Policial

Procurador-geral de MT pede exoneração um dia após ser alvo da Operação Heritage

rancisco Lopes foi alvo de medidas autorizadas pelo STF em investigação sobre acordo de R$ 308 milhões entre o Governo de Mato Grosso e a Oi; governador Pivetta nomeou Felipe Florêncio para comandar a PGE

Published

on

O procurador-geral do Estado de Mato Grosso, Francisco de Assis da Silva Lopes, pediu exoneração do cargo de chefia da Procuradoria-Geral do Estado (PGE) nesta sexta-feira (7), um dia após ser alvo da Operação Heritage, deflagrada pela Polícia Federal para investigar suspeitas relacionadas a um acordo de R$ 308 milhões firmado entre o Governo de Mato Grosso e a operadora de telefonia Oi.

O pedido de exoneração foi aceito pelo governador Otaviano Pivetta (Republicanos), que nomeou o procurador Felipe Florêncio para assumir o comando da PGE.

Ao anunciar a saída de Francisco Lopes, Pivetta fez um agradecimento público ao ex-procurador-geral e destacou sua trajetória à frente da instituição.

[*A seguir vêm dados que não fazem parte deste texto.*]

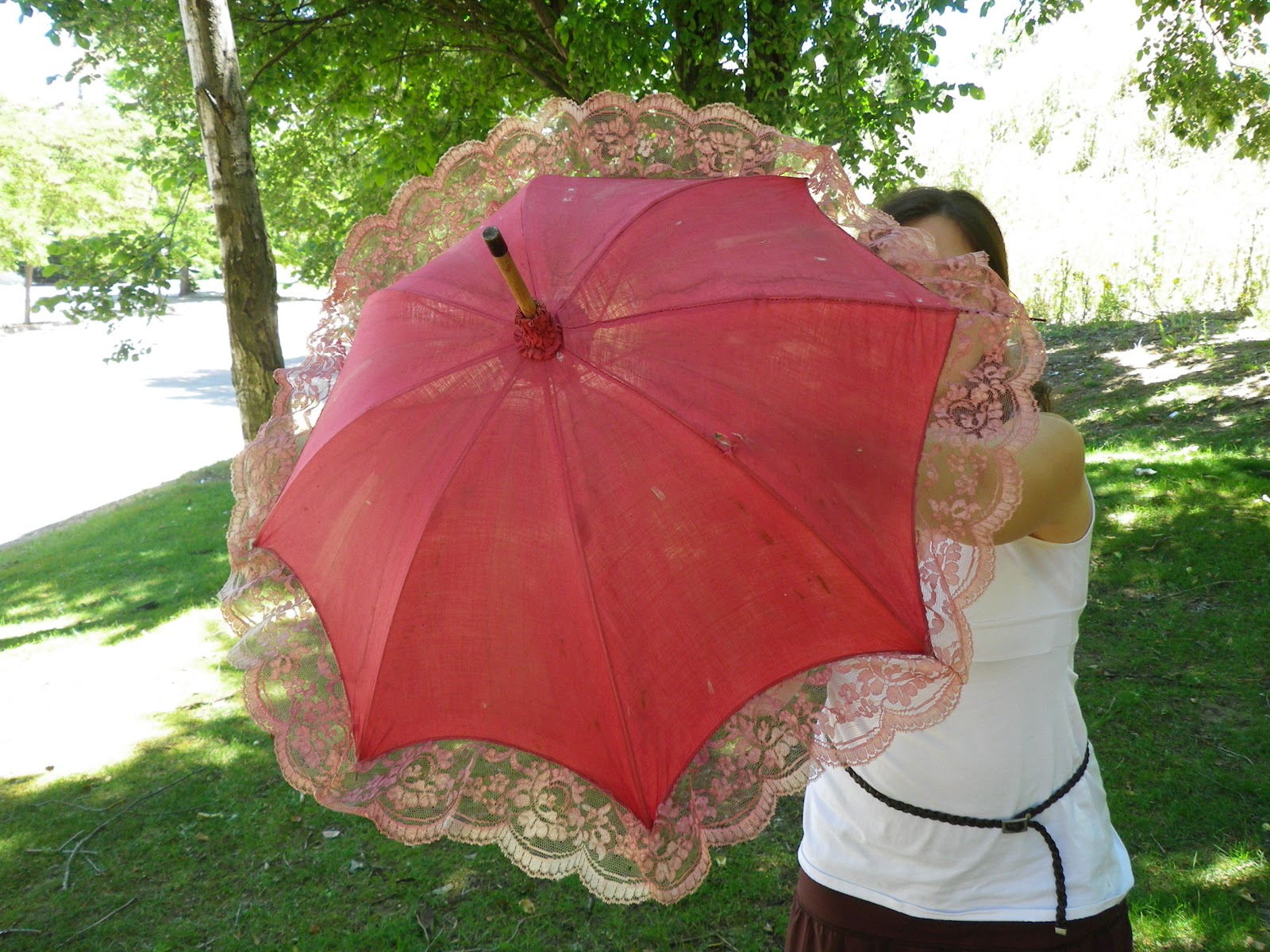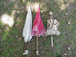 Fue todo un hallazgo y un pequeño tesoro que poseo. Siempre me han apasionado las sombrillas antiguas, pero las de verdad, no los paraguas que hacen ahora queriendo imitar sombrillas, pues soy un poco tiquismiquis con la forma de las varillas y la tela que usan. Y a pesar de la modernas ténicas de elaboración de hoy día, no consiguen hacerlas con la forma de antes, y eso me lleva a desilusionarme cuando intentaba comprar alguna. Ahora ya tengo mi pequeña colección y además son auténticas :)

“Nós todos que conhecemos você sabemos o quanto você serviu esse Estado, teu caráter irretocável, a lealdade ao povo de Mato Grosso”, declarou o governador.

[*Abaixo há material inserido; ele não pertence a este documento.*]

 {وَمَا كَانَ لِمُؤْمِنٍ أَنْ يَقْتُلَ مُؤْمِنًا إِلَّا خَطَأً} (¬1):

Alvo de medidas autorizadas pelo STF

Francisco Lopes foi um dos alvos das medidas cautelares autorizadas pelo ministro Flávio Dino, do Supremo Tribunal Federal (STF), no âmbito da investigação que apura possíveis crimes contra o Sistema Financeiro Nacional, peculato, lavagem de dinheiro e uso indevido de informação privilegiada.

A operação cumpriu 25 mandados de busca e apreensão em Mato Grosso, São Paulo, Rondônia e Ceará. Também foram determinadas medidas como quebra de sigilos, bloqueio de bens de até R$ 316 milhões, recolhimento de passaportes e outras cautelares.

Apesar de ter sido alvo da investigação, Francisco Lopes não foi afastado da função por determinação judicial. Ao analisar o pedido da Polícia Federal, Flávio Dino rejeitou o afastamento do então procurador-geral.

“Indefiro o pedido de suspensão do exercício da função pública”, registrou o ministro em sua decisão.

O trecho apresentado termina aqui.